# Resident / Non Resident / Tax Home



## ashtray (10 Sep 2009)

I’ll try and describe my situation as clearly as possible!!!

I was a permanent Irish resident up until 4 years ago. 

Currently in my first year working for a Dutch Company on a UK contract. The sister company in the UK pays my salary. 
Salary is not taxed in the UK as I do not ever work in the UK nor am I resident there.

I had studied in the UK for 3 years before I began working for this company so therefore had a UK bank account hence my salary is paid into this account.
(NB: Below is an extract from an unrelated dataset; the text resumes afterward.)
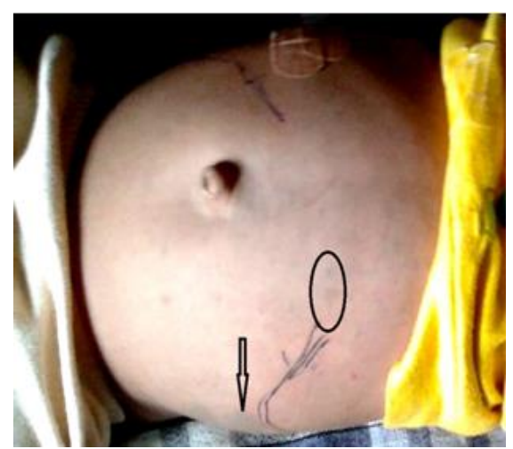
Fig. 1: Multiple Mongolian spots with hepatosplenomegaly

ophthalmic examination there were multiple cherry red spots in the fundus.On investigating the case there was Hb-9.9gm% TLC was 15,200/mm³ ( N 38,L 57, E 03, M 02)TPC was 4.5 lac. Reticulocyte count was 0.5%. ps showed normocytic normochromic anemia. PT INR was normal. Total bilirubin was 0.7mg/dl, direct fraction was 0.4mg/dl, SGOT-635 IU/L, SGPT-406 IU/dl, sr.alp-538, sr.protein-6gm%, sr albumin-4gm%, HBsAg was negative. X-ray imaging of chest and spine were normal. ICTC was non reactive. Sickling test was negative. Hb electrophoresis showed AA band. Liver biopsy was done. It showed features of foamy cells with microvacuolated hepatocytes (Fig. 3).

Account address is an ROI address.

Due to the nature of my work I spend 180 – 220 days a year in various parts of Africa and Asia.

I do have an Irish residence however not in my name as I am renting.

From my research I believe if I declare as Irish resident but not ordinarily resident (does 3 years study in UK count) I pay tax on a remittance basis.

If however my days spent in Ireland allow me to qualify for non-resident i.e. I pass the 183 day or 280 day rule must I prove I have paid tax somewhere i.e. have a “tax home” or prove residency somewhere else?


Any help much appreciated.


----------



## Domo (11 Sep 2009)

Without exact dates for each country - if you lived in the UK studying for 3 years, it is likely that you are UK resident, unless you break this residence.

It is probably that you are non-Irish resident.

This is a complex issue, and you are unlikely to get a full response here and I would suggest that you take professioanl advice, giving full details of dates and times spent in each country.


----------



## Breninio (11 Sep 2009)

I agree with Domo, you're situation sounds complex. You would need to gather details of the number of days in each country and then determine the tax consequences, if any, for each country. For example, due to the number of days you are present in Asia and Africa you may well have tax issues to consider in those countries.

From an Irish side of things, you are correct that having been non resident in Ireland for 4 years if you become tax resident again then for 3 years you will be treated as resident but non ordinarily resident. You will be liable to Irish tax on the remittance basis for the 3 years. If you remain non resident you will be taxable on Irish source income only. In both cases, if you have workdays in Ireland there may be an Irish tax charge (and PAYE requirement for your employer). 

If you are non resident, non ordinarily resident and have no workdays in Ireland then your employment income should not come within the charge to Irish tax. The Irish Revenue do not require proof that you are paying tax elsewhere. However, as mentioned above, you will need to meet your tax obligations, if any, in those other countries also.


----------



## ashtray (11 Sep 2009)

Thank you both for your posts, much appreciated.

It is as you both have stated and as many others I have spoken to, complex!!
My local revenue office was perplexed when I discussed my situation and suggested the remittance basis. 

I have kept a log of all my days spent in each country including my days back in Ireland with flight details and visas as proof, which I hope should help resolve my situation. As you’ve mentioned I want to clarify my tax obligations both in Ireland and abroad to avoid any future problems.

Regarding non resident status in Ireland, “The Irish Revenue do not require proof that you are paying tax elsewhere”, however do they require proof of residence abroad. My reasoning being my only personal residence is in Ireland (rental and used for correspondences) while the residences used abroad are company owned.   

I have I think exhausted all available information and agree I should seek professional advice. Any suggestions for a reputable company who would specialise in such taxation?


----------



## Domo (14 Sep 2009)

If you want you can PM me to discuss.

www.taxingtimes.ie


----------



## styley1 (2 Mar 2012)

Hi Ashtray, 

Apologies for digging up an old thread, I am in a similiar situation to yourself and wondering did you resolve this situation? Any advice would be greatly appreciated

Thanks


----------